Then in the early 1970's Russian scientists began to grow
cubic zirconia under laboratory conditions, not for jewelry making but for
industrial use and space technology. Because of its similarities to mineral
gemstones it wasn't long before attention was focused on the jewelry
possibilities of this new man made material. One of the ways
to tell the difference between a cubic zirconium and a real diamond is to look at the cubic zirconia
under a 10x magnification. You can see the facets do not point properly and
where facets intersect, it is not a straight line, but the intersection is
more rounded than the diamond's facets. Other ways to tell the difference
are doing a specific gravity test on an un-mounted stone, marking ink on the
top of the stone (the ink beads up on a cubic zirconia), when gem-printed a
cubic zirconia photograph's reflective and refractive patterns, and when
measuring heat conductivity, a cubic zirconia registers red on the indicator
(a diamond is green).
Cubic Zirconia comes closer than any other material to matching the
characteristics of a diamond.

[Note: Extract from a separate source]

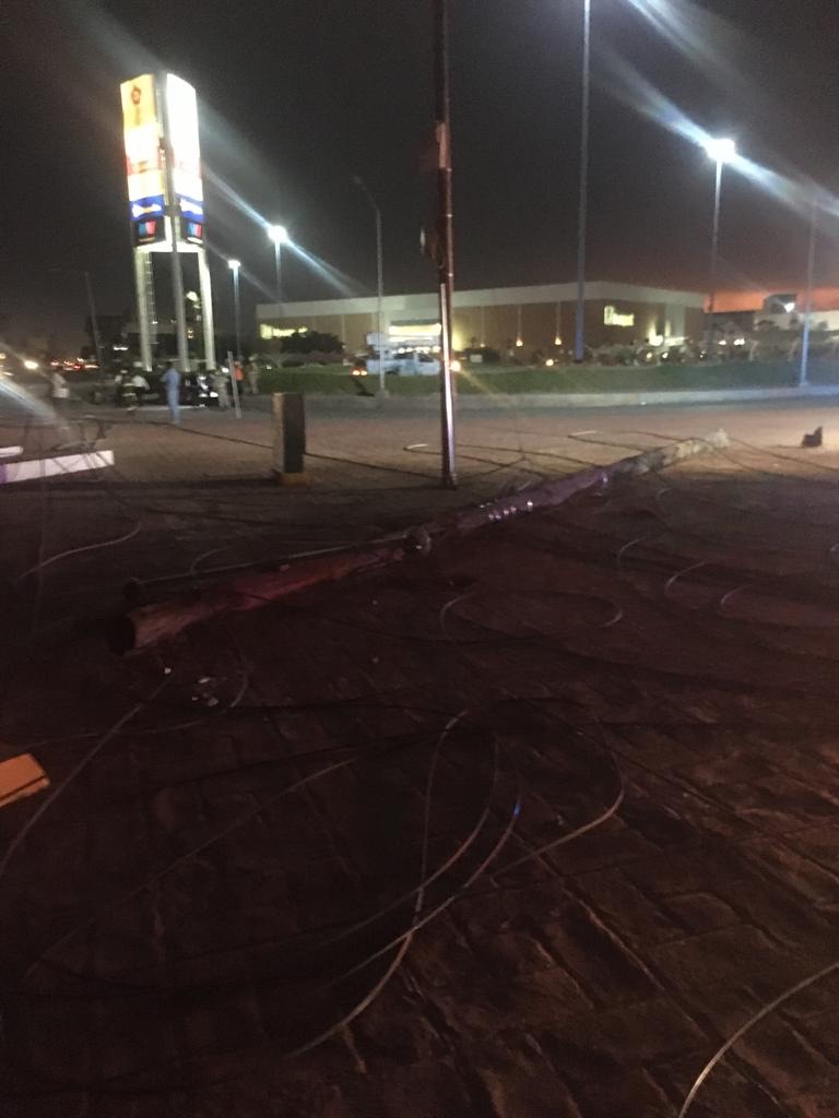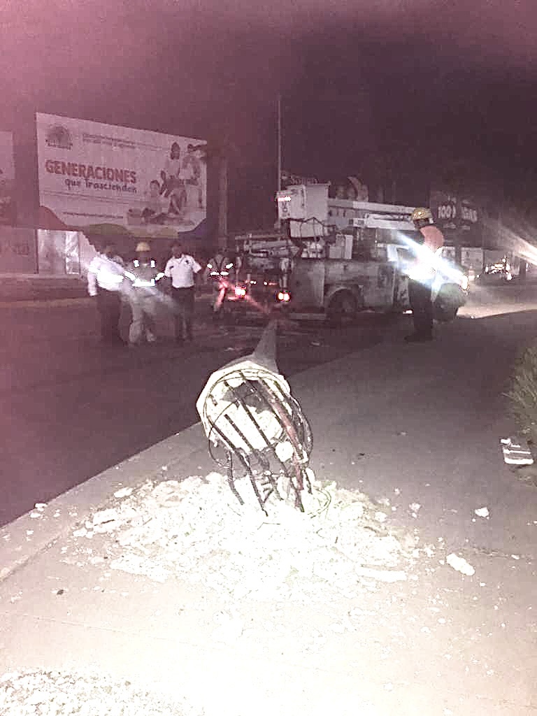 Un motociclista que conducía por periférico Raúl López Sánchez fue arrollado por un poste de madera de la CFE, que cayó a consecuencia de los vientos tempestuosos que se registraron hoy por la tarde en la Comarca Lagunera.

It is often hard to distinguish the difference
with the naked eye, but there are a few technical differences.
FIRE & BRILLIANCE: CZ has slightly less brilliance (liveliness and sparkle)
than diamonds, while having more fire (flashes of rainbow colors).
HARDNESS: CZ has a scientific hardness rating of 8.5 on the Moh's scale.
Diamonds have a rating of 10.
CARAT (WEIGHT): CZ is about 75 percent heavier than a diamond.
COLOR: Beyond classic white, CZ is now available in many fashion colors,
such as lavender blue, amethyst, canary yellow, pink, emeralds green,
sapphire blue and ruby red.
CUT: The finest CZ is machine cut to exacting tolerances that duplicates the
diamond-cutting process. Like a diamond, CZ can be chiseled into a variety
of fashion shapes and cuts.
The biggest giveaway is weight. A 1 carat diamond
weighs 1 carat. A comparable sized (in volume) cubic weighs 1.75 carats. A
cubic zirconia can be scratched by diamond, topaz, ruby or sapphire whereas
a diamond can only be scratched by another diamond.
The optical differences make comparisons between these two stones very
interesting. A diamond displays more brilliance, whereas a cubic zirconia
has more fire (disperses light further, see picture).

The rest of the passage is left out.